The search results indicate that N. europaea undergoes significant proteomic changes in response to environmental stressors . Researchers should apply these mass spectrometry techniques to investigate whether tRNA modification patterns also change under these conditions, potentially representing an additional layer of stress response regulation.

What computational approaches can predict the impact of Gcp-mediated tRNA modifications on the N. europaea proteome?

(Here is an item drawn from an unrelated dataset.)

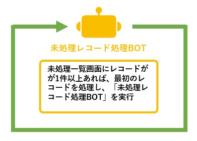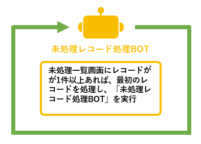一覧画面などで、“未処理レコードが存在する場合にレコードを処理し、『BOT実行』アプリで自身を実行するBOT”を作成する事で、未処理レコードが無くなるまで処理を繰り返し実行するフローを構築する事もできます。

Computational approaches can provide insights into the functional implications of tRNA modifications across the proteome:

• Codon usage analysis:

  • Calculate codon adaptation indices for all N. europaea genes

  • Identify genes enriched in codons that rely on threonylcarbamoyladenosine-modified tRNAs

  • Compare codon usage in highly expressed genes versus average genes

• Translation efficiency prediction:

  • Develop models correlating tRNA modification status with translation rates

  • Predict mRNAs most sensitive to changes in modification status

  • Simulate the effects of reduced modification on proteome composition

• Evolutionary analysis:

  • Compare tRNA gene sequences and anticodon modifications across related bacteria

  • Identify selection pressures on tRNA modification systems

  • Correlate tRNA modification systems with ecological niches

• Systems biology integration:

  • Create network models linking tRNA modification to cellular processes

  • Predict metabolic flux changes resulting from altered translation efficiency

  • Identify potential regulatory feedback loops

Given N. europaea's specialized metabolism and ecological niche, researchers should investigate whether its codon usage and tRNA modification systems have co-evolved to optimize translation of genes critical for ammonia oxidation and autotrophic growth, which would represent an adaptation at the level of translation regulation.